Gab es besondere Reaktionen der Schüler bei bestimmten Themen? Gab es Betroffene von häuslicher Gewalt bzw. äußerten Schüler/Schülerinnen, dass sie mit dem Thema in Berührung gekommen sind (privat, im Beruf, im Rahmen von Praktika)? Wenn ja, erzählten sie vom Umgang der Betroffenen und deren Umfeld?

Unterschiedliche Lehrmittel können unterschiedliche Reaktionen bei den Studierenden auslösen. Sehr wichtig ist es mir, ihre Aufmerksamkeit zu schulen, nicht zu interpretieren, sondern wahrzunehmen, was habe ich gesehen, mit wem kann ich das besprechen. Wen von meinen Vorgesetzten informiere ich darüber, was habe ich für Pflichten? Praktische Beispiele, die von den Studierenden berichtet werden, eigenen sich gut zu besprechen, wie verhalte ich mich in einem Fall sowohl gegenüber einer gewaltbetroffenen Person als auch, wenn ich Gewalt von einem Patienten/von einer Patientin erfahre?

 

Gab es Besonderheiten? Fanden gewisse Lehrbereiche besonderes Interesse oder auch besondere Zustimmung? Gab es Bereiche, bei welchen eine Ablehnung (mitunter von Verleugnung) spürbar war?

Es ist mir wichtig, den Studierenden die systemischen Zusammenhänge häuslicher Gewalt zu vermitteln. Wenn ich Interesse zeige, etwas über die Gewalt an Kindern zu erfahren, muss ich mich mit der Gewalt an Frauen beschäftigen. Ich brauche Informationen dazu, welche Auswirkungen kann das auf die Kinder haben, welche gesundheitlichen Folgeerscheinungen können bei Kindern auftreten. Das Thema der häuslichen Gewalt und das beinhaltet auch die Gewalt an Kindern, ist kein einfacher Unterrichtsstoff und soll, wie ich inzwischen meine, nicht mehr als 1-2 Unterrichtseinheiten pro Tag umfassen. Das Gehörte, Gesehene, Erfahrene, muss von den Studierenden ja auch reflektiert werden können.

 

Gab es Unterschiede hinsichtlich des Interesses oder der Reaktionen bei weiblichen und männlichen Schülern/Schülerinnen?

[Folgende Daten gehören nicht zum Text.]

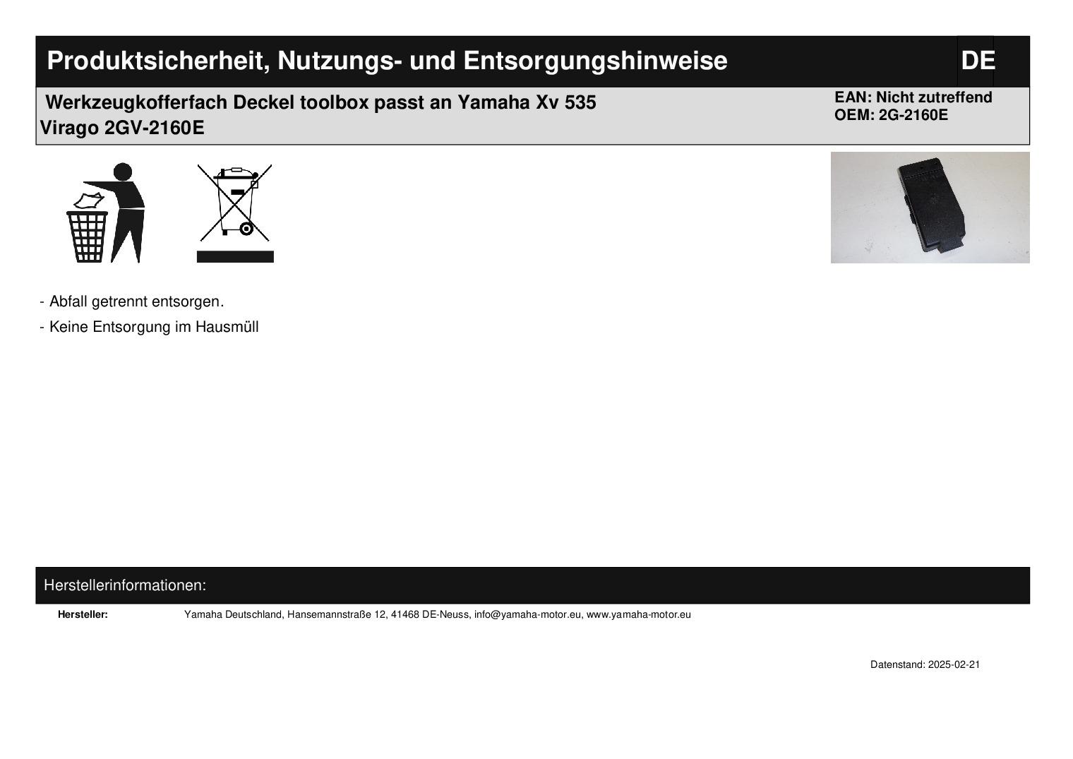 In dieser Auktion gibt es folgenden Artikel zu kaufen: Werkzeugkofferfach (siehe Foto) Modell: passend für Yamaha XV 535 Bj.: 89 - 03 Lieferumfang: siehe Foto Artikelzustand: neu aus Geschäftsauflösung, mit minimalen Lagerspuren; Zustand siehe Foto Bei Unklarheiten oder Fragen bitte erst E-Mail schreiben.

Das Interesse ist insgesamt hoch wenn auch nicht immer hundert prozentig. Aufgefallen ist mir, dass männliche Studierende ihr Entsetzen, ihre Wut, ihre Betroffenheit deutlich mehr verbalisieren.

 

Persönliche Eindrücke aus der Lehrtätigkeit?

Zur fachlichen Qualifikation im Pflegeberuf gehört ein Wissen über Gewalt im sozialen Nahbereich. Wie wir wissen, wendet sich eine ungleich höhere Zahl von durch häusliche Gewalt verletzten Personen insbesondere an die öffentlichen Krankenhäuser. Mein Ziel ist es, den Studierenden soviel Information zum Thema Gewaltschutz mitzugeben, dass sie wissen, wie werde ich aufmerksam. Was ist zu tun, wo kann ich Informationen für mich aber auch Unterstützung für eine gewaltbetroffene Patientin/einen gewaltbetroffenen Patienten bekommen!